*Exercise objective*:
Beginning with the first entry, restate the data word for word and leave out the images.

(Dataset records)
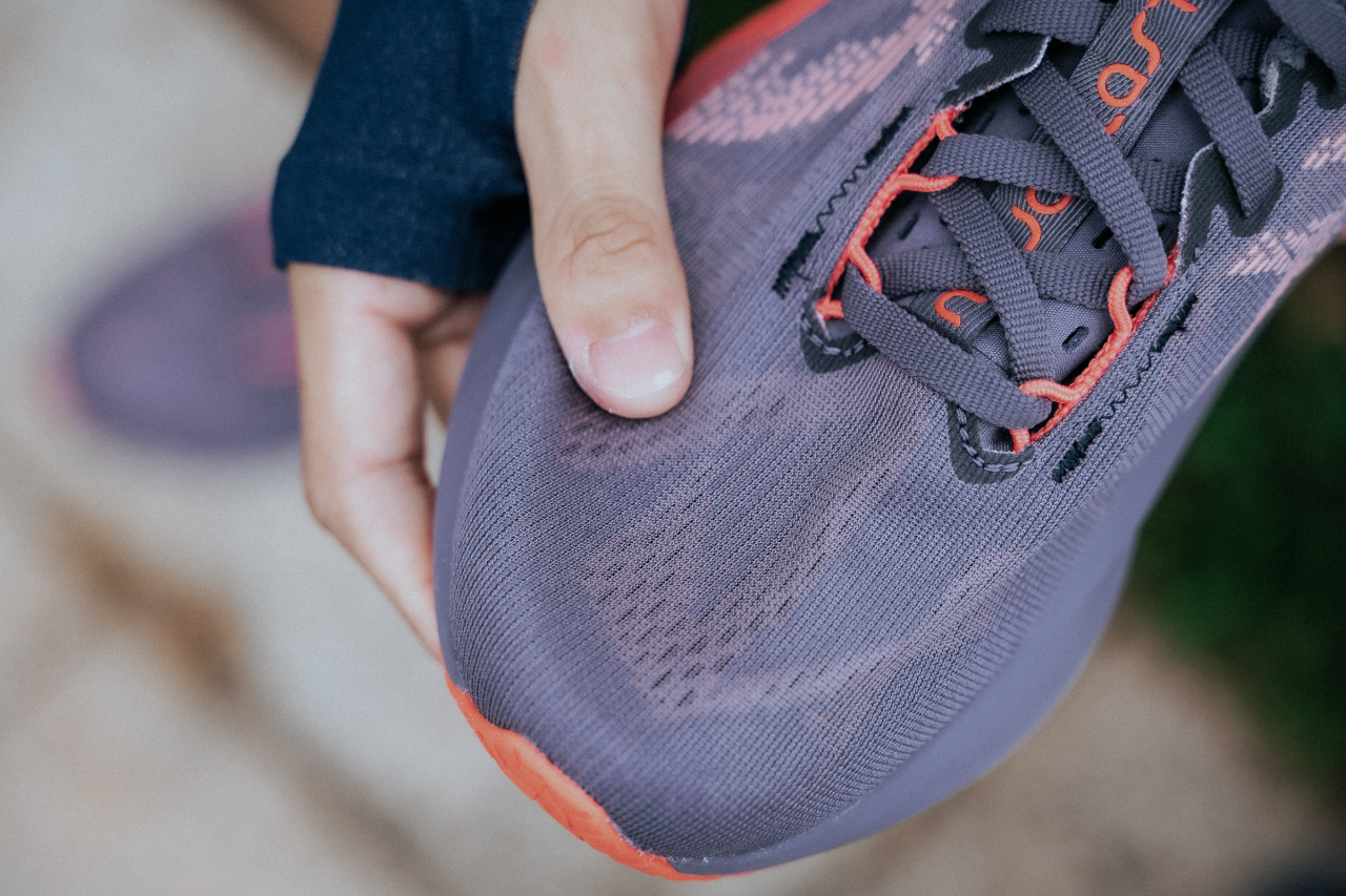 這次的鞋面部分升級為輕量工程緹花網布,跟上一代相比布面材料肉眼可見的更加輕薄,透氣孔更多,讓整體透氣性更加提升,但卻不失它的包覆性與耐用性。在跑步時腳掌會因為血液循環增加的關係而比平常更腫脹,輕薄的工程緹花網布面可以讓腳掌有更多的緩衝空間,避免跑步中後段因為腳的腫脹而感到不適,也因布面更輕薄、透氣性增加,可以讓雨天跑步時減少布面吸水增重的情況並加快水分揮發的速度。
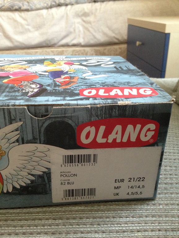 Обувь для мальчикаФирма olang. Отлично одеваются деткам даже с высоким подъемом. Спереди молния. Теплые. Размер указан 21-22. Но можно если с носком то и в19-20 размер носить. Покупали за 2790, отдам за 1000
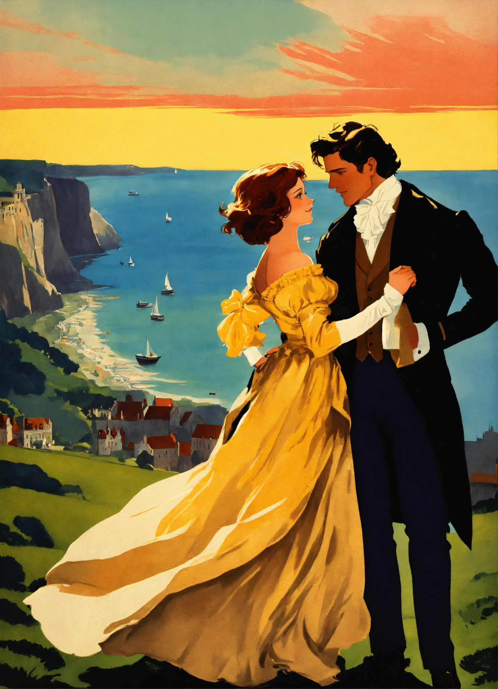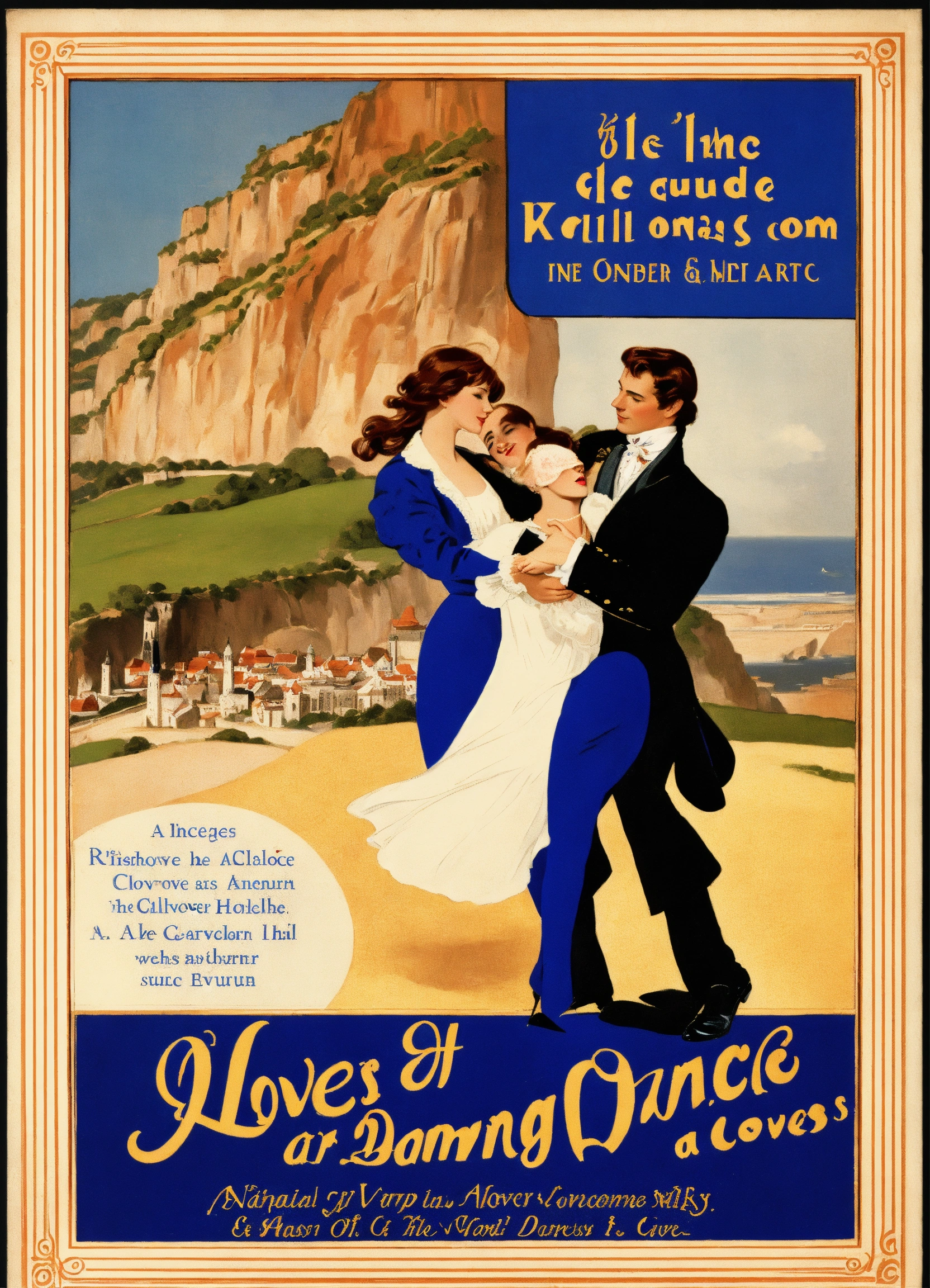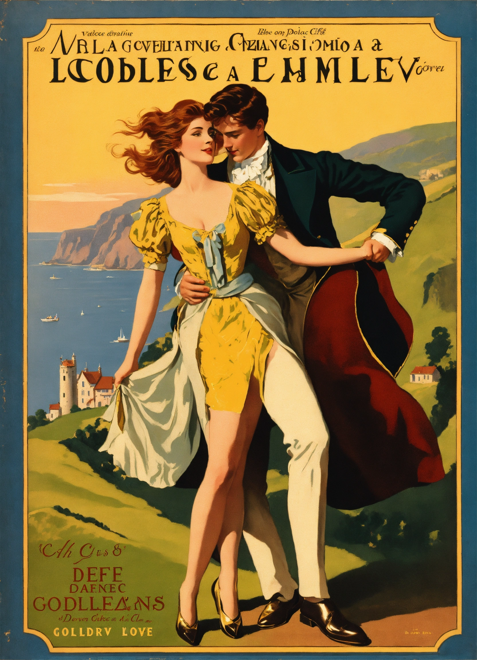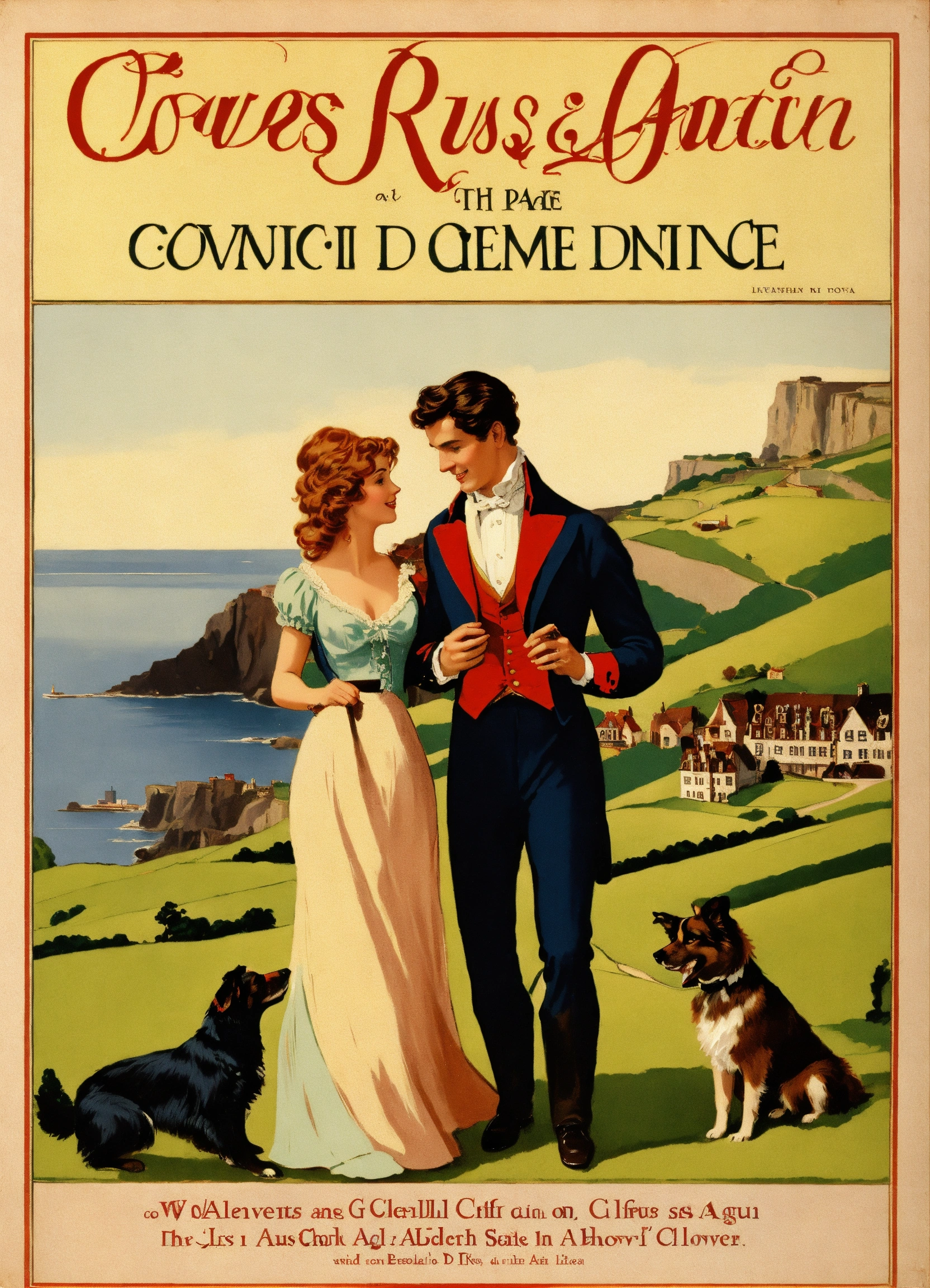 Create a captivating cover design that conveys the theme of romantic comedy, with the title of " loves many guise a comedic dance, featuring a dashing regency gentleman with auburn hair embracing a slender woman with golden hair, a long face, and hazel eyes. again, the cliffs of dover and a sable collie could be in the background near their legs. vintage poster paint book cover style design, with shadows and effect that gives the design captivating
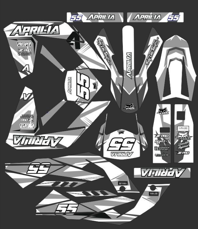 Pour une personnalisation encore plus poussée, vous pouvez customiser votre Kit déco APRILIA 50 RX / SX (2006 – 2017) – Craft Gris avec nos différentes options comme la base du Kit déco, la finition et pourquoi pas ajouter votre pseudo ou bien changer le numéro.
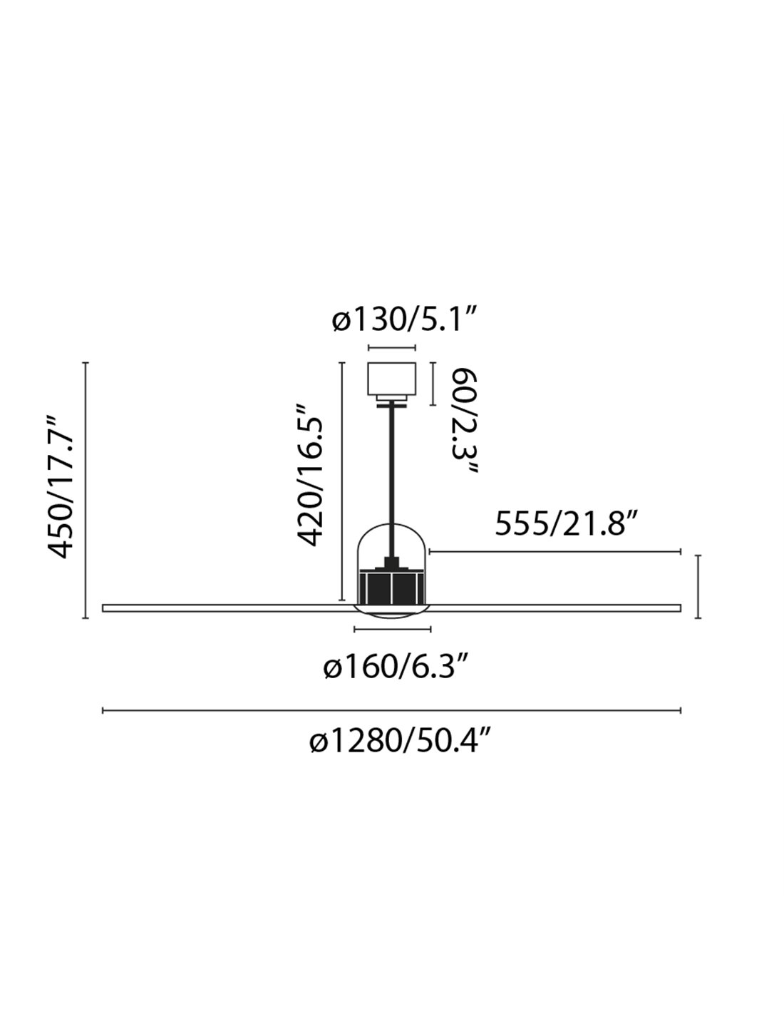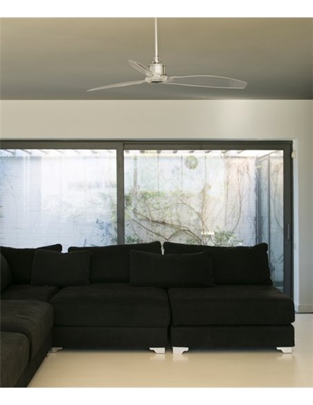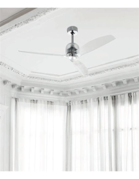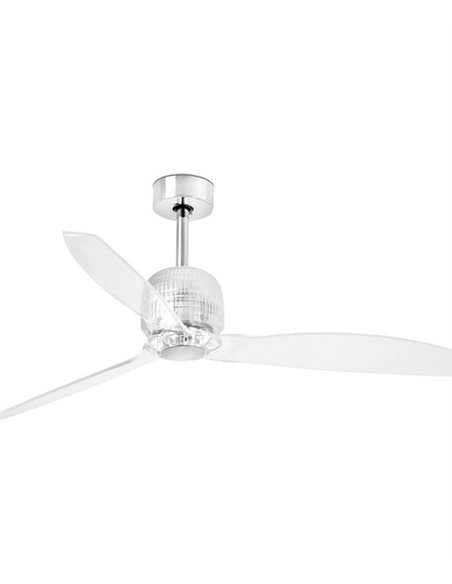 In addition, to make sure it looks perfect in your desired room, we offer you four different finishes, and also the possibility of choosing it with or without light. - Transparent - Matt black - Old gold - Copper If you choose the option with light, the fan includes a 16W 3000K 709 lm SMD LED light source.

*Solved problem*:
 這次的鞋面部分升級為輕量工程緹花網布,跟上一代相比布面材料肉眼可見的更加輕薄,透氣孔更多,讓整體透氣性更加提升,但卻不失它的包覆性與耐用性。在跑步時腳掌會因為血液循環增加的關係而比平常更腫脹,輕薄的工程緹花網布面可以讓腳掌有更多的緩衝空間,避免跑步中後段因為腳的腫脹而感到不適,也因布面更輕薄、透氣性增加,可以讓雨天跑步時減少布面吸水增重的情況並加快水分揮發的速度。
 Обувь для мальчикаФирма olang. Отлично одеваются деткам даже с высоким подъемом. Спереди молния. Теплые. Размер указан 21-22. Но можно если с носком то и в19-20 размер носить. Покупали за 2790, отдам за 1000
 Create a captivating cover design that conveys the theme of romantic comedy, with the title of " loves many guise a comedic dance, featuring a dashing regency gentleman with auburn hair embracing a slender woman with golden hair, a long face, and hazel eyes. again, the cliffs of dover and a sable collie could be in the background near their legs. vintage poster paint book cover style design, with shadows and effect that gives the design captivating
 Pour une personnalisation encore plus poussée, vous pouvez customiser votre Kit déco APRILIA 50 RX / SX (2006 – 2017) – Craft Gris avec nos différentes options comme la base du Kit déco, la finition et pourquoi pas ajouter votre pseudo ou bien changer le numéro.
 In addition, to make sure it looks perfect in your desired room, we offer you four different finishes, and also the possibility of choosing it with or without light. - Transparent - Matt black - Old gold - Copper If you choose the option with light, the fan includes a 16W 3000K 709 lm SMD LED light source.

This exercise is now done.